In her young life, Rayn has become a strong advocate for cancer research.

“Two years ago, I did ‘Bald for Bucks’ and I ended up coming in third in Western New York, raising $4,125,” she said. “I did pretty much the same thing with the (donation) jars. … I went to the Masons and the Presbyterian Church” to raise funding.

“The reason why I’m doing this is charity is a big part of what makes me happy to do it,” she said.

Rayn went on to recall the earlier projects such as “Bald for Bucks” and her wish to do what she could to help cancer victims and support cancer research.

“I remember when my mom, she was on Facebook and a saw a video of a 3-year-old girl.
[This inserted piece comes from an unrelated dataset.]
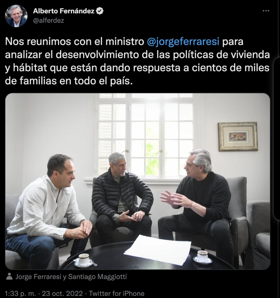 El anuncio presidencial fue a través de una serie de hilos en Twitter en los que se publicó una foto de Fernández junto a Ferraresi y a Maggiotti, reunidos, luego de destacar el desenvolvimiento de las políticas de vivienda y hábitat "que están dando respuesta a cientos de miles de familias en todo el país”.

She was all sad of these little kids who had cancer. So the little girl shaved her head and she raised for it. So, I that got the idea with me to do ‘Bald for Bucks.’

“Around Thanksgiving, I was thinking about how I did ‘Bald for Bucks’ and how it changed a lot. … It made me happier to do it. And then I thought about Dale and how he’s helped me.”

Prior to the COVID-19 pandemic, Rayn was an active member of the 3F Youth Club.

“I was downstairs with Dale and I was shooting at the targets, getting better, and he was one of the few people who kept telling me that I should keep going,” she said. “He is an amazing person. I have been discouraged and told that I shouldn’t be shooting because of my gender, and I went to him, because he has helped me get into this.

“He helped assure me that, even though (there’s) … people who will doubt that I can do it (firearms training) … I should keep going, because that’s what makes me happy.”

Rayn is a skeet shooter at 3F as well as one of the kids who gets a chance to go out in the back property at the 3F Swann Road facility to shoot pheasant.

She has the full support of her parents, who admire what she does.

“I absolutely love it. She has always been a go-getter and it started with the ‘Bald for Bucks’ and the people that make an impact on her life, who she cares about extremely,” said her dad, Ryan Cooper. “It started with Mr. Dale, what Mr. Dale was going through. She was very upset and wanted to do what she could. Everything is her idea; her mom and I just run with it.”

“I am at a loss for words,” grandfather Chris Cooper added. “It shakes me up; I have one of the best granddaughters in the world.”

Ryan said her fundraiser continues until early spring with a March 7 pie-in-the face fundraiser in the works at Wilson Central. The bracelet campaign is expected to extend to the end of April.